──────── Records shown

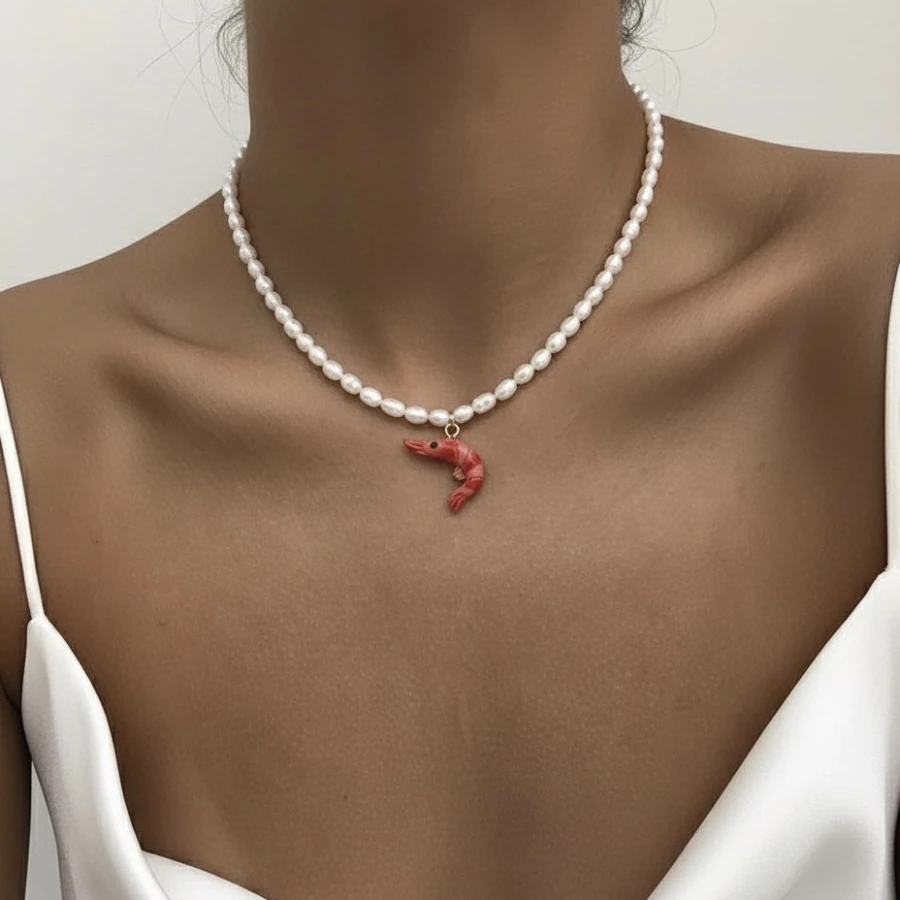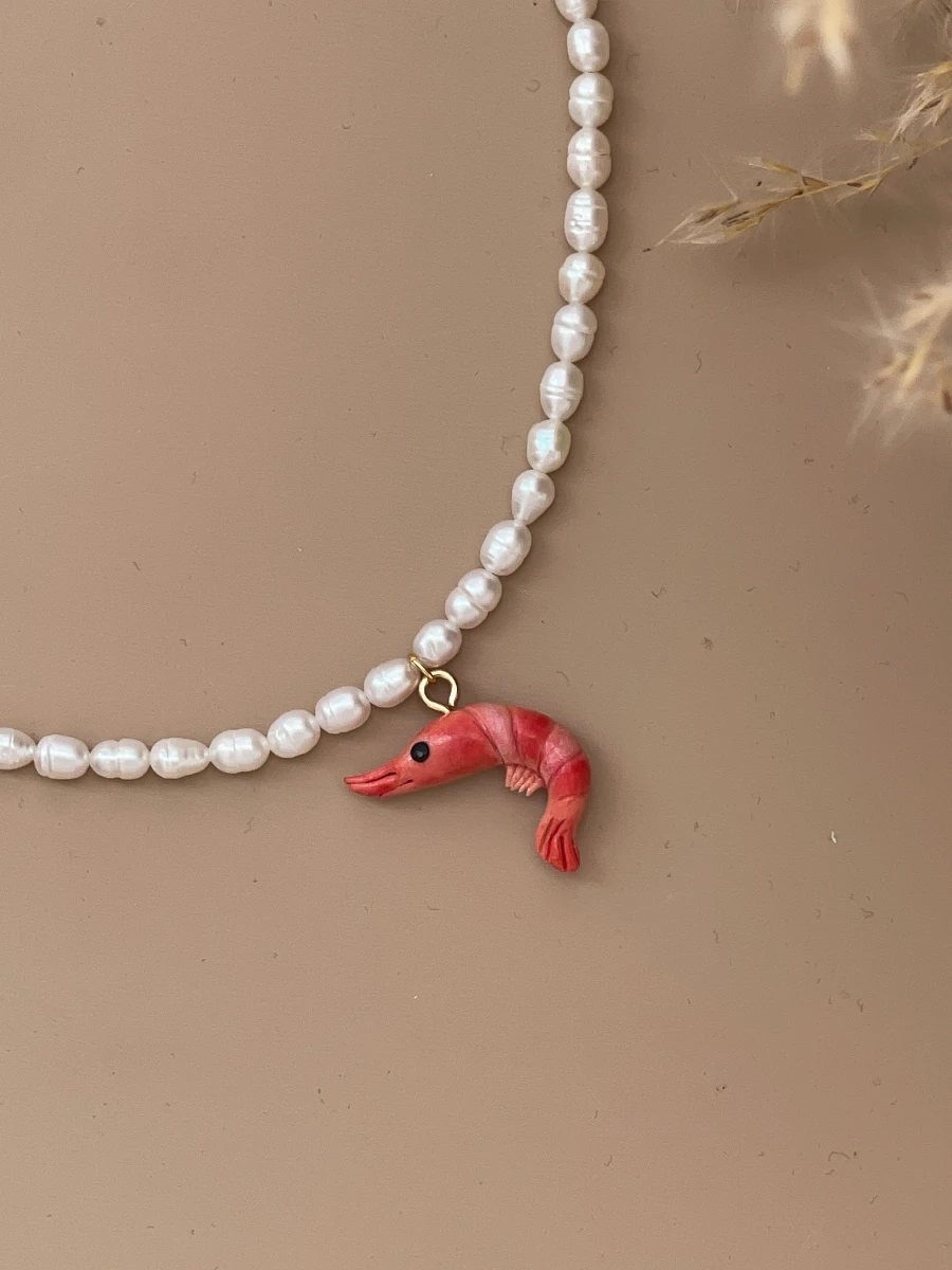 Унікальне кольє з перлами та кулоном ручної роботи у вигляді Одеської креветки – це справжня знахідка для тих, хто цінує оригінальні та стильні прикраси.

────────────────
──────── Records shown

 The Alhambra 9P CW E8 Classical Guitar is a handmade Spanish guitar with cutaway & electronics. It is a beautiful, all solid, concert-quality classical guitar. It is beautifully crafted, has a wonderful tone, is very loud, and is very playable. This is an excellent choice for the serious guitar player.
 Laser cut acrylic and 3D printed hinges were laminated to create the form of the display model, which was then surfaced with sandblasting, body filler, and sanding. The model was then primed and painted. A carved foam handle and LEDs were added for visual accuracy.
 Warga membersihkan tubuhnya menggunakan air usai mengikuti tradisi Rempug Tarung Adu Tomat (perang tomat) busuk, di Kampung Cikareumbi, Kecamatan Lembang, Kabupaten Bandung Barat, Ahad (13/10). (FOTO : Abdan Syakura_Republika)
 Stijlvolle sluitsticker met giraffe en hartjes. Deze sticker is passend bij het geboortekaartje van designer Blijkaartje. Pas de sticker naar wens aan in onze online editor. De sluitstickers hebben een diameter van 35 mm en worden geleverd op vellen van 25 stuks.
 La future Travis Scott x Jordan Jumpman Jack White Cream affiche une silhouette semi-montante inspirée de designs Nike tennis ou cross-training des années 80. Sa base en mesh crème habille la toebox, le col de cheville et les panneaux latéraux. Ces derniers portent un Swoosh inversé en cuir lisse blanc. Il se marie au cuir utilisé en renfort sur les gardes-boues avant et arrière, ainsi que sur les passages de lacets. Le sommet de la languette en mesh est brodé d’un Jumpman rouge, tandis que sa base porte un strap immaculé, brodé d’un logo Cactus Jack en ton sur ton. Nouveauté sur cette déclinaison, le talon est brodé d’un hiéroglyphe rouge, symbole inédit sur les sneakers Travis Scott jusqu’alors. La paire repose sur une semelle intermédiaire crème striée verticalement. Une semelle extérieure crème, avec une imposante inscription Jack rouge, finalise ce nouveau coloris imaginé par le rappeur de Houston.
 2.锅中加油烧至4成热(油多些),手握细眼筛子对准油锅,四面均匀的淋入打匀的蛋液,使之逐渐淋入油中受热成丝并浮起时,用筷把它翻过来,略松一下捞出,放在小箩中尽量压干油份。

────────────────

Among the lines above, which ones include the word "with"? Copy them.

→ Reply to the task
 The Alhambra 9P CW E8 Classical Guitar is a handmade Spanish guitar with cutaway & electronics. It is a beautiful, all solid, concert-quality classical guitar. It is beautifully crafted, has a wonderful tone, is very loud, and is very playable. This is an excellent choice for the serious guitar player.
 Laser cut acrylic and 3D printed hinges were laminated to create the form of the display model, which was then surfaced with sandblasting, body filler, and sanding. The model was then primed and painted. A carved foam handle and LEDs were added for visual accuracy.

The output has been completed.